I spent some time this week, once again, rummaging through junk in the storage junk guest room in order to get it ready for guests. This spare room in our house is a necessity since all of our family members live out of town, but it does become the stashing spot during the weeks we aren’t expecting guests. Right now, the bed is covered with Easter basket stuff and spring decor. As Caroline and I loaded the CR-V with “stuff” to take to Goodwill, I felt a relief to be getting rid of the things cluttering up this room. Things I had no need for elsewhere in my house but felt, for some reason, that I needed to keep them, just in case I decided I needed or wanted them. Enough! I got rid of the stuff. But, as we dropped the stuff off in the Goodwill drive-thru, I mentioned to Caroline that we should go check out what they have in the store. “Yeah,” she said, “We can get more stuff.” Then it hit me. We just dropped off this junk, and we certainly don’t need more of it. (Of course, we did make a run through of the store, just in case they might have a trivet for my kitchen collection.) I explained to Caroline that, though we often think it does, stuff does not make us happy. In fact, stuff stressed us out–how to keep it clean, where to put it, how much it cost us, etc. I don’t know that she was listening, but I was mostly talking for my own benefit.

Then, that night, I read this blog post on Frugal Hacks, a site that I just this week added to my google reader. In quick summary, think of the space that junk in your house occupies in terms of the square footage value of your home. That 10×10 guest room that a guest can never use because the hundred square feet is chock full of junk is costing $$. Those big storage facilities on every other corner charge $1-$7 per square foot. In Austin, your junk storage home value is more in the $100 square foot range!

I can’t stop thinking about it. And looking at the stuff in my house in a totally different light. This stuff is occupying precious real estate. I don’t need to save things in the hopes of being frugal. I need to NOT BUY things in respect for the value of the space that is my home.

The books I own are weighing heavily on my mind. My husband, though frugal in most ways, loves his books and wants to keep them always and forever. But, man, books take up a lot of room. The library (and thanks to TexShare, I have access to Austin, Cedar Park, and Leander libraries plus Interlibrary Loan) has almost everything I could want, and the Internet offers what I need in terms of reference materials. I’m really struggling with acquiring books. Of course, I adore books, and it is always a great default gift idea that I offer up anytime a loved one asks. But, do I need them? Do I need to own them and then have to store them? Do I need to continue buying more and more bookshelves on which to store them?

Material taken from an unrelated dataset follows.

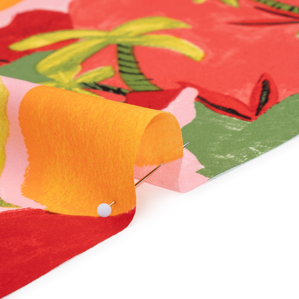Don’t forget your sunblock before stepping out in this Palm Trees and Cactuses Lightweight Stretch Polyester Twill Print—featuring a sleek, smooth hand and fluid drape.Suggested Projects: Dresses, Skirts, Blouses, ShirtsContent: 100% PolyesterStretch: 10% WeftwiseOpacity: Mostly OpaqueA tropical paradise unfolds across this twill, where palm trees, cacti, and suns beckon you into a sun-soaked escape in hues of coral red, orange, green, and pink. Lightweight with a sleek, smooth hand and a slight stretch through the weft, it drapes fluidly for warm-weather wear that moves with you. Whether crafted into breezy blouses, twirling wrap dresses, or used as a bold lining, this fabric brings the heat while keeping you cool. Mostly opaque, a lining can be added for opacity but is not necessary for most projects.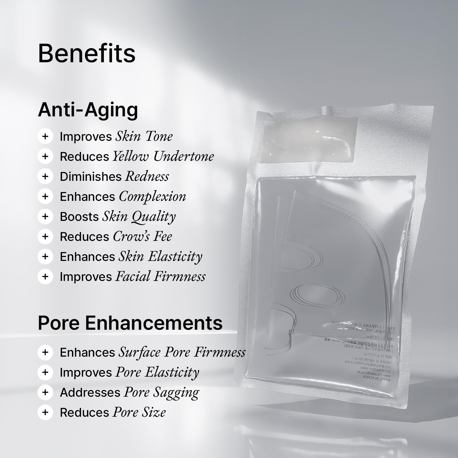• Dual-Action Absorption Film: A two-step process combines a plumping ampoule with a patented film designed to adhere seamlessly to the face. The unique film enhances absorption, deeper hydration, and maximizes delivery of active ingredients.

Someone remind me of this the next time I am in Half Price Books. 🙂

2 thoughts on “Stuff

  1. I stopped buying books a long time ago. I only get ones that are parts of collections (Harry Potter, Artemis Fowl) and those I get first editions (they’re collectors items!), but other than that, if I am gifted a book, I read it and pass it on. I use the library all the time. I have an excellent search-and-reserve aspect of my library and can order things out of the district library system (from libraries in other districts in MN and WI). So, there’s no need for me to buy any books.

    Mike kept all his text books. I kept some of the literature and psychology texts, but the rest I sold back (I was poor then). I would eventually love to have a real study or library in my house (one different than the one I have now), and then I can see having book-cases built into the walls and filled with collector books and reference books. But, for now that’s just my dream house (it’s also totally green, solar heated, windmill powered and very likely on Johnny Depp’s island).

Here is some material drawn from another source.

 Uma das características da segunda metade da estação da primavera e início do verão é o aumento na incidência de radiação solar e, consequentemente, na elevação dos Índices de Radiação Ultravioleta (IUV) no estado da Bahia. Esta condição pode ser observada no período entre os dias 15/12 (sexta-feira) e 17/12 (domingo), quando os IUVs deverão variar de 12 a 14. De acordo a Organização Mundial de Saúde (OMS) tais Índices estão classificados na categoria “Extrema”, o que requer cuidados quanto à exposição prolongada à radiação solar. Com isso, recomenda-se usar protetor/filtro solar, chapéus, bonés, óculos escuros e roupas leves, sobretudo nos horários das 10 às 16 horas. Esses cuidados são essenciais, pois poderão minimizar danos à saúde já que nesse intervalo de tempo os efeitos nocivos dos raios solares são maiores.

    In general, I have, in the past 5 years, become more “anti-consumer” in my mindset. We are such a consuming society that it takes almost a negative mindset about it to maybe get to neutral. Our economy is entirely consumer based and so much of what we do is so consumer driven, it’s hard to pull yourself out of it and really STOP buying. Especially when you have kids. And goods that are too cheap to pass up. Why not buy another pair of shoes for her, they’re so CUTE and they’re so CHEAP! Why not the Scooby Doo gardening gloves? Why not matching cover-ups for all of her five swimsuits? See? It is so easy to get carried away.

    But, it’s not good for us (financially), our kids (developing their priorities) and the planet (with so much waste, and taking advantage of people who live in areas with bad or absent labor laws).

    So, I’m with ya, and it needs to be almost a religion to resist the stuff!